OT but instead of quadratic attention can we not have n^10 or something crazier? I feel like we are limiting the intelligence just to save cost. But I can imagine that there might be some questions that may be worth paying higher cost for.
I feel like n^10 attention can capture patterns that lower complexity attention may not. So it seems arbitrary that we have n^2 attention.
You can find papers discussing "cubic" attention, i.e. each token gets to interact with each pair of other tokens, but always in very theoretical settings with single-layer transformers on contrived synthetic tasks.
Keep in mind that LLMs have many many layers, so they have plenty of opportunity to model higher-order interactions without needing to brute force every possible combination of 10 previous tokens, of which the vast majority will be useless. Empirically, even full "quadratic" attention is not always necessary, as evidenced by the existence of linear/sparse attention variants that perform almost as well.
Yes, and it works in theory.
Less so in practice. You saturate the memory of a b200 with a few dozen tokens on attentions higher than order 4. Training is even worse.
To paraphrase Knuth: high order polynomials are much more unimaginably large than mere infinity.
This is a common way of thinking. In practice this type of thing is more like optimizing flop allocation. Surely with an infinite compute and parameter budget you could have a better model with more intensive operations.
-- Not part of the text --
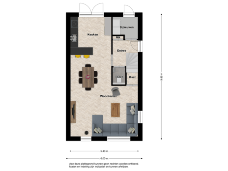 Via de ruime entree met meterkast (v.v. waterontharder) bereikt u de hal met modern toilet. De woonkamer is verrassend licht door de grote raampartijen en voorzien een trapkast en pvc-vloer met vloerverwarming. De openslaande deuren naar de tuin zorgen voor een fijne verbinding tussen binnen en buiten.

Another thing to consider is that transformers are very general computers. You can encode many many more complex architectures in simpler, multi layer transformers.
Aren't layers basically doing n^k attention? The attention block is n^2 because it allows 1 number per input/output pair. But nothing prevents you from stacking these on top of each other and get k-th order of "attentioness" with each layer encoding a different order.
n^2 isn't a setting someone chose, it's a mathematical consequence of what attention is.
Here's what attention does: every token looks at every other token to decide what's relevant. If you have n tokens, and each one looks at n others, you get n * n = n^2 operations.
Put another way: n^2 is when every token gets to look at every other token. What would n^3 be? n^10?
(sibling comment has same interpretation as you, then handwaves transformers can emulate more complex systems)
What you're missing is that there's no need to do extra work in the kernel smoothing step (what attention essentially is) because all the fancy transformation work is already happening in learning the kernel.
The feedforward networks prior to the attention layer are effectively learning sophisticated kernels. If you're unfamiliar (or for those who are) a Kernel is just a generalization of the dot product which is the most fundamental way of defining "similarity" between two points.
By learning a kernel the transformer is learning the best way to define what "similar" means for the task at hand and then we simply apply some basic smoothing over the data. This will handle all sort of interesting ways to compare points and that comparison will allow all points to provide a little bit of information.
Anything you could hope to achieve by performing more comparisons would be better solved by a better similarity function.